By 1850, about 5 million people lived in the Ohio River Valley, the Great Lakes region, and the area west of the Mississippi River north of Missouri. By comparison, the total U.S. population was about 23 million. Within a decade, the upper Midwest expanded to nearly 7 million inhabitants and was home to a quarter of the U.S. population.Footnote 9 In the United States, 2,244,000 (9.7 percent) were foreign born in 1850. In the Middle West, the percentage was somewhat higher (about 12 percent), or 500,000.Footnote 10 The farther north the state, and the newer the state, the higher the percentage of foreign born. Those included Canadians and European immigrants from the German states, as well as from Scandinavia, Ireland, England, Wales, and Scotland. Historians have also frequently commented on the sectional nature of the population changes, particularly when “Yankees” from New England began to move into upper Illinois and Indiana. New Englanders had always lived in the Western Reserve of Ohio and antislavery Quakers had been populating eastern counties along what was then the Ohio-Virginia border. Nicole Etcheson’s Emerging Midwest traces the cultural divide between the two groups but also explains that the conflicts became muted in the early nineteenth century, a conclusion that is borne out by the research for this book. For the purposes of building their constitutions, and resolving conflicts in democratic self-governance, the delegates and their constituencies forged political alliances on the most controversial issues. By the late 1840s through the late 1850s, the time when every state in the region held constitutional conventions to create or revise its charter, the states’ populations had spread northward and westward to their present-day borders, and political divisions became more important than demographic or sectional ones. Delegates were aware of and occasionally referred to the intensifying sectional conflict. But other than antiprejudice or antislavery comments, most delegates were wary of discussing contemporary political events in the conventions.

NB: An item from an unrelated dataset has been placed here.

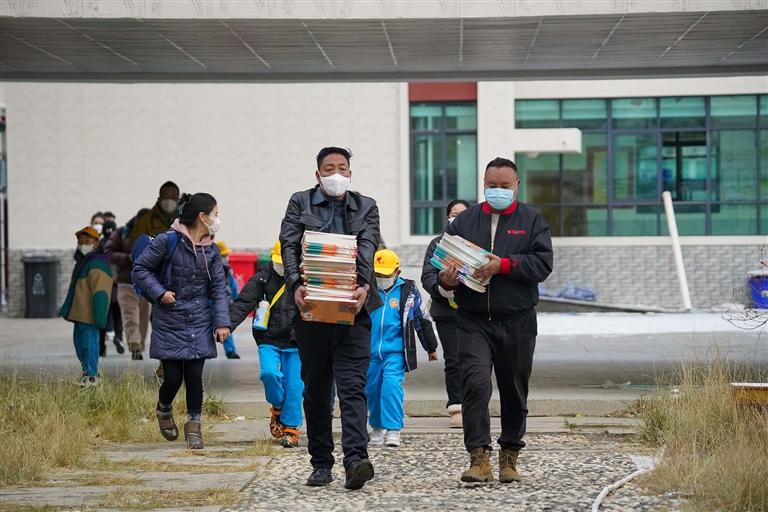 在拉薩市第八中學(xué)校門口,學(xué)生們滿懷希冀與欣喜,來(lái)到闊別已久的校園,校園內(nèi)恢復(fù)了往日的熱鬧。學(xué)生們?cè)诩议L(zhǎng)的陪同下背著行囊,拖著行李箱回到各自寢室。衛(wèi)生大掃除是必不可少,他們對(duì)床鋪和個(gè)人用品進(jìn)行了整理。隨后,同學(xué)們有序完成了新書本的領(lǐng)取,感受著翻開書本泛出的陣陣墨香。與自己的姓名一起簽在書本扉頁(yè)的還有新學(xué)期的美好愿景。
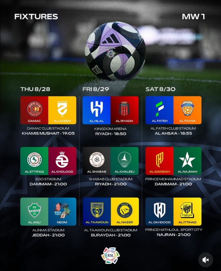 8月13日讯 新赛季沙特联将于本月底拉开帷幕。沙特联官方公布了2025/26赛季首轮9场比赛的比赛时间,具体如下(时间换算为北京时间,主队在前):

Frontier Democracy picks up the story at the moment the northwestern states were beginning to push their way into the national polity and economy. These territories and states were not merely interested in joining the Union. They declared themselves to be equal in every political, economic, and cultural arena. This book examines the eleven northwestern conventions that occurred during the antebellum era, roughly from 1835 to 1857. Although the constitutions formed by the first three conventions (Ohio 1802, Indiana 1816, and Illinois 1818) laid the foundation for the later constitutions, these charters were primarily copied from older southern and eastern state constitutions and were therefore less innovative than the constitutions written after 1830.

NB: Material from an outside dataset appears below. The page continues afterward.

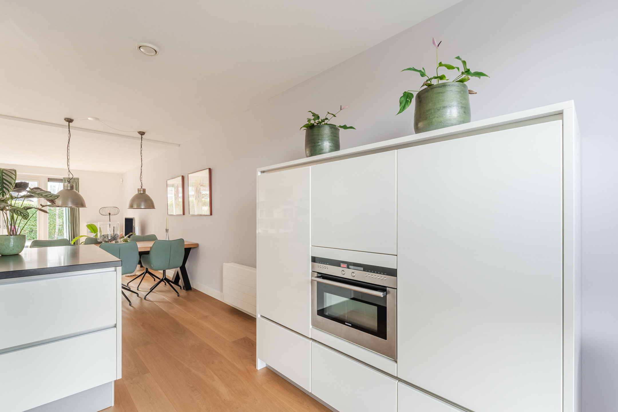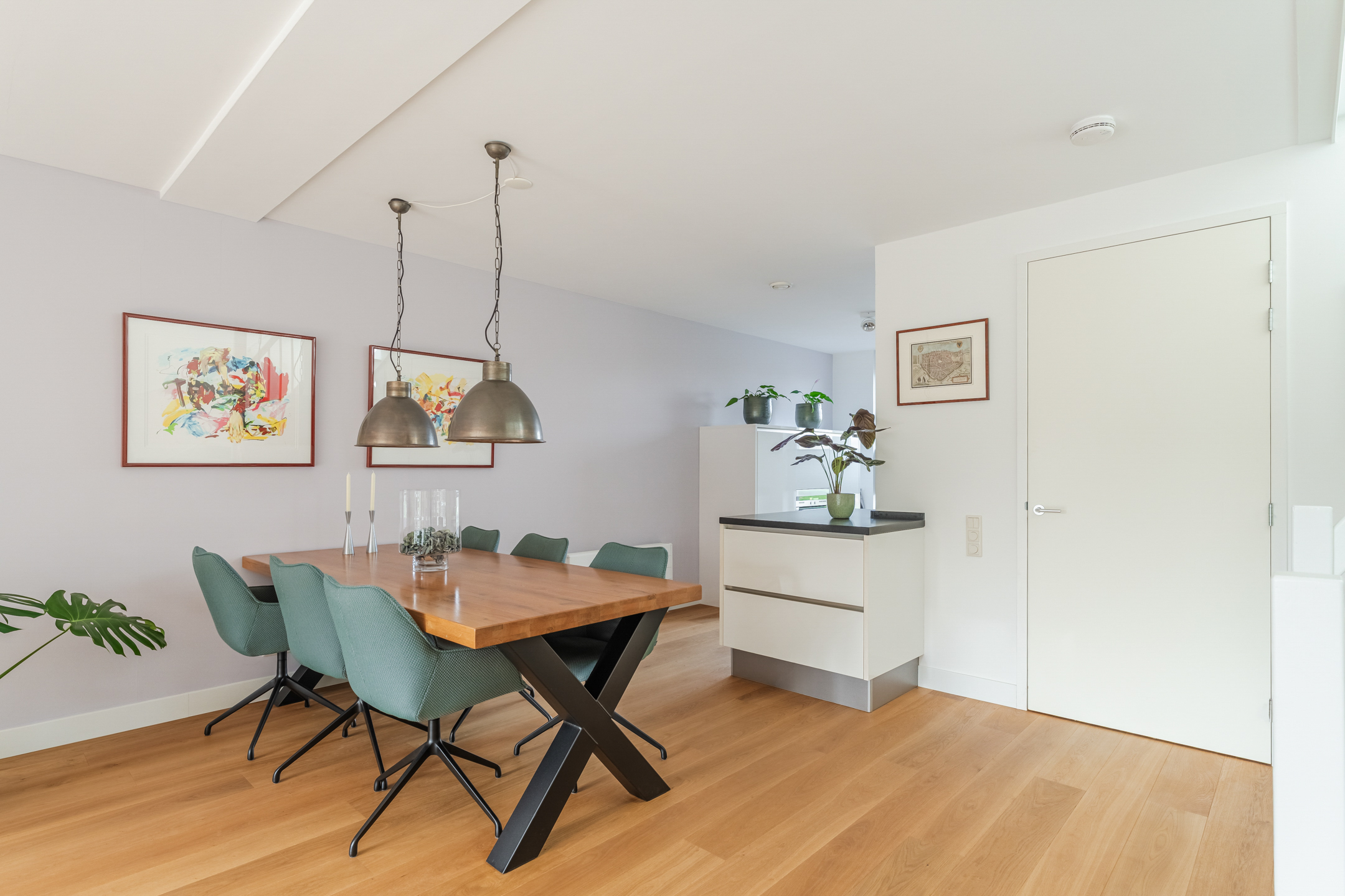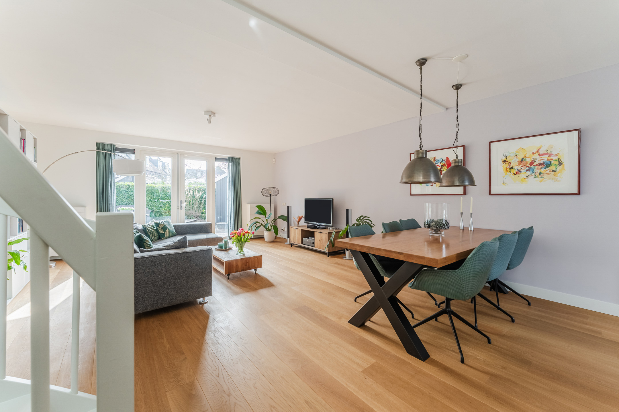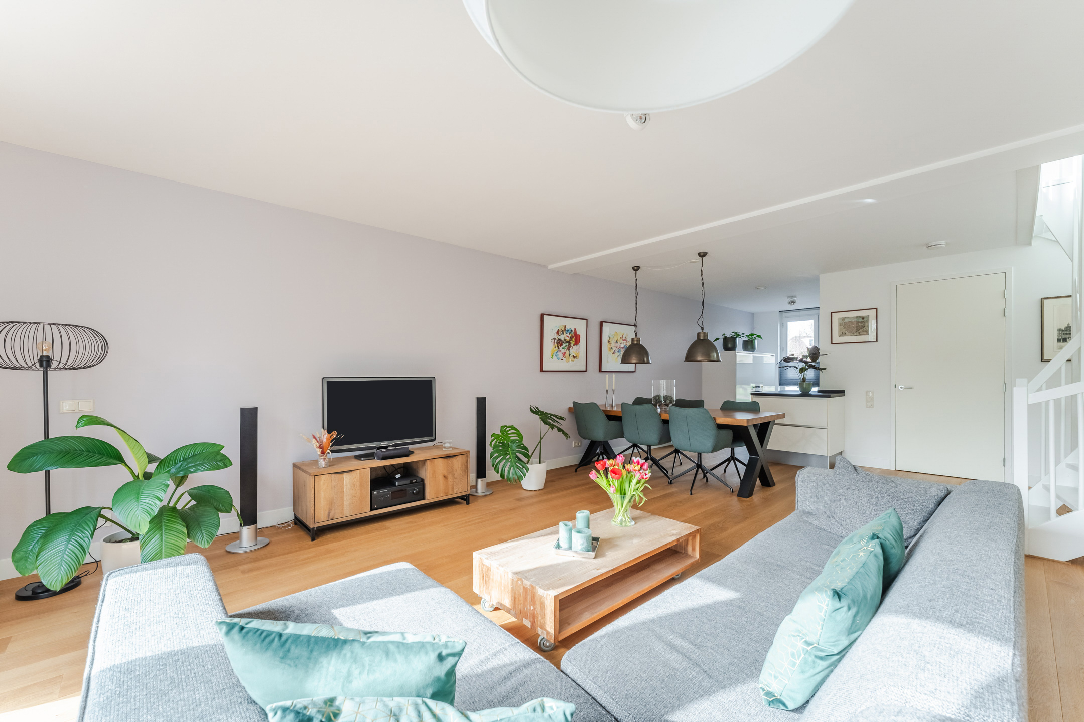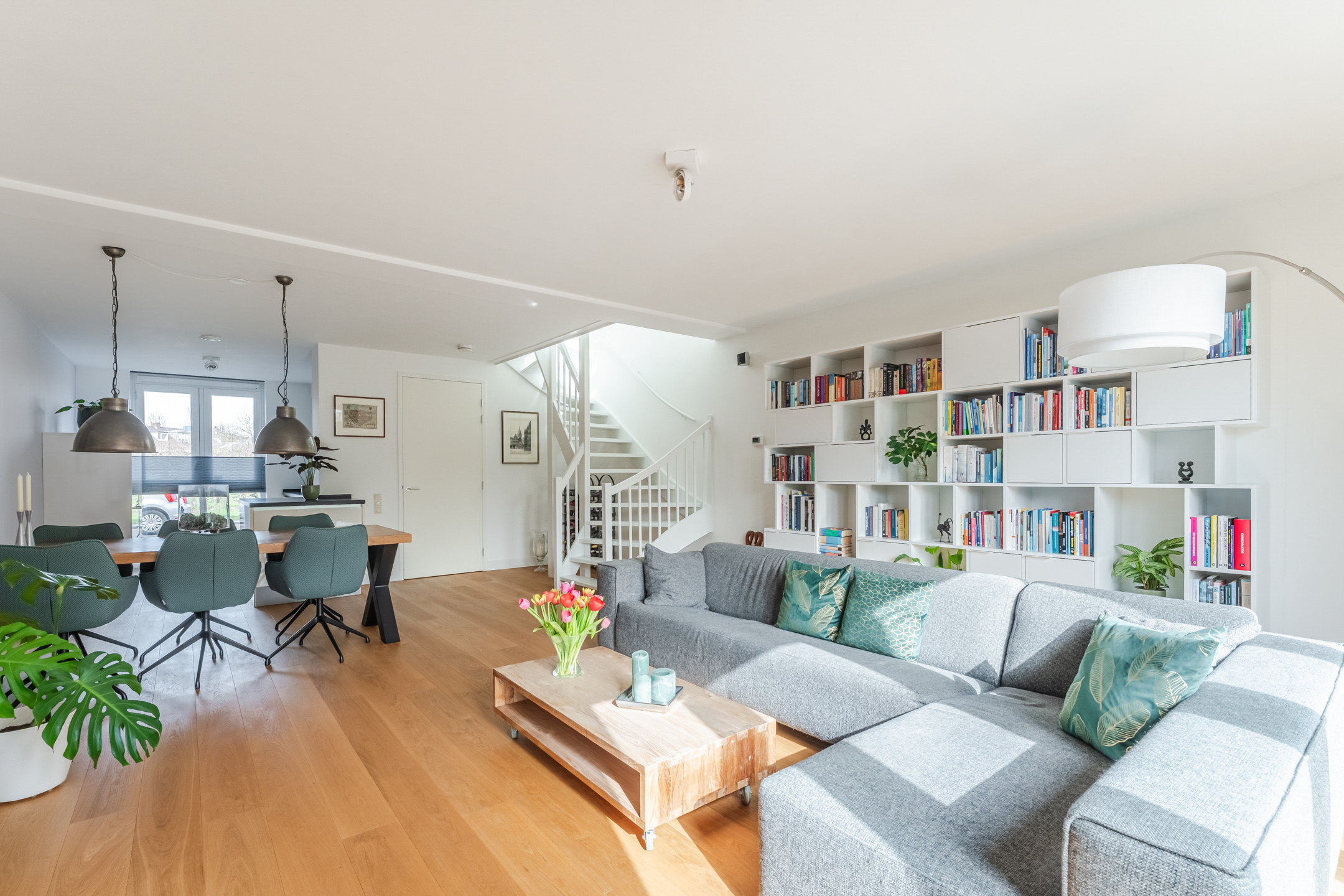 De gehele begane grond is voorzien van een sfeervolle eikenhouten lamelparketvloer en strak gestucte wanden en plafonds.

| State | First Constitution | Failed Attempts | Revised Constitutions |
|---|---|---|---|
| Illinois | 1818 | 1824 (voters rejected the call for a convention) |
1848* |
| Indiana | 1816 | 1851* | |
| Iowa | 1846* | 1844* | 1857* |
| Michigan | 1835* | 1850* | |
| Minnesota | 1857* | ||
| Ohio | 1802 | 1851* | |
| Wisconsin | 1848* | 1846* |
* This book discusses the conventions marked with an asterisk.

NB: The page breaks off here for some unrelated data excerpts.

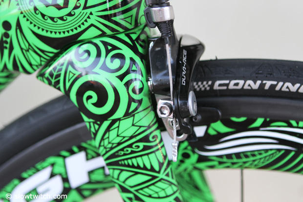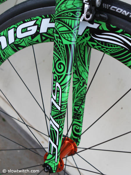 The Knight Composites carbon wheels (65 front and 95 rear) also got custom treatment and Jackson rides 23mm Continental Grand Prix 4000S tires.
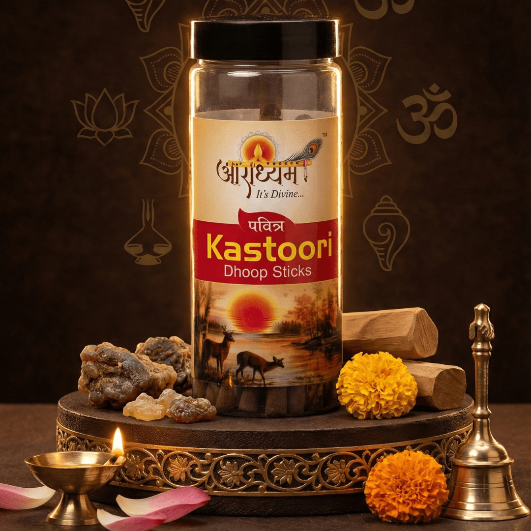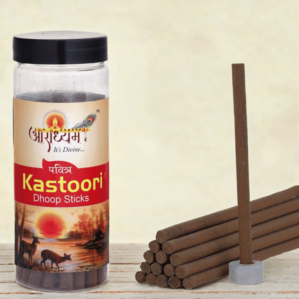 Perfect for daily rituals, meditation, or creating a serene ambiance, Kastoori Dhoop Sticks bring a touch of timeless spirituality and luxury to your sacred spaces.
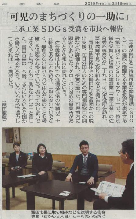 ジャパンSDGsアワードの受賞報告のため可児市役所を表敬訪問して参りました。
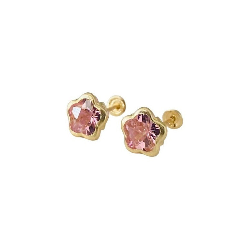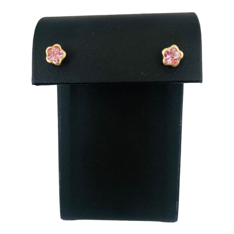 Bonitos Aretes De Flor Con Zirconia En Oro De 10k + Obsequio
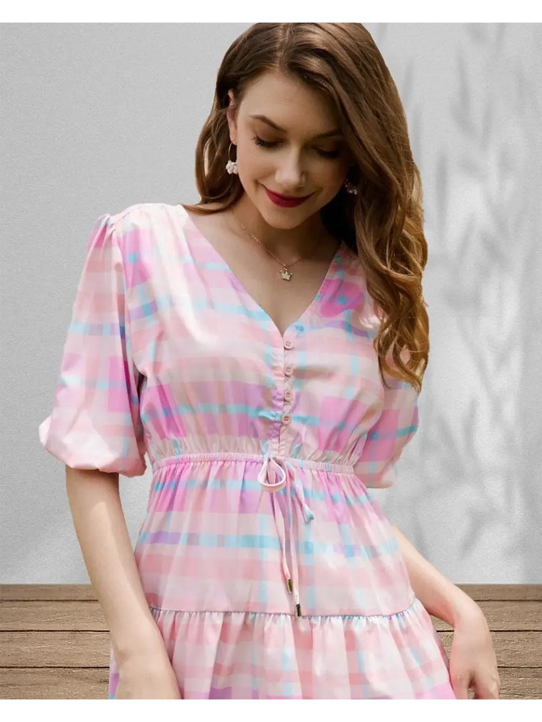 Pink Checked Fit and Flare Mini Dress for Women that has intricate checked pattern, mini length and a fit and flare style. This rayon checked fit and flare mini dress can be styled for a chic classy vibe.

Two nonnegotiable requirements framed the delegates’ work: They had to abide by parliamentary procedures, and they had to carry out the mandates of the U.S. Constitution and the Northwest Ordinance in their work. Even so, there was still plenty of room for all sorts of popular intrusions. This book argues that the conversations within and outside the convention halls reveal two crucial aspects of democratic self-governance. First, in spite of obstinate antebellum cultural attitudes toward nonwhite people, northwesterners did not flinch from painful subjects even when overwhelming majorities supported a predictable outcome. Therefore, people who were deliberately excluded from participating in their own governments could and often did join in the ongoing conversations. They may have lost every battle in the struggle for equality, but they maintained a presence in all conversations. The radical reformers – who must have known how slim their chances were of reforming northwestern society – chose to stand on the foundational frameworks (religion, scientific reason, and revolutionary ideology) in their arguments. As a result, and in small and hesitant ways, I suggest, they were able to change the terms of the debate. Frontier Democracy explores how the undergirding frameworks – republicanism, Christianity, and reason – fared in the debates over self-government during the most contentious and economically challenging decades of the nineteenth century. Some of these ideas succeeded brilliantly: Within forty years, the region became an economic success story, as well as the geographic and demographic center of the nation. And some failed tragically: Racial hatred prevailed everywhere in the region, in spite of reformers’ passionate arguments for justice, and resulted in disfranchisement and even exclusion for nonwhite northwesterners that lasted for generations.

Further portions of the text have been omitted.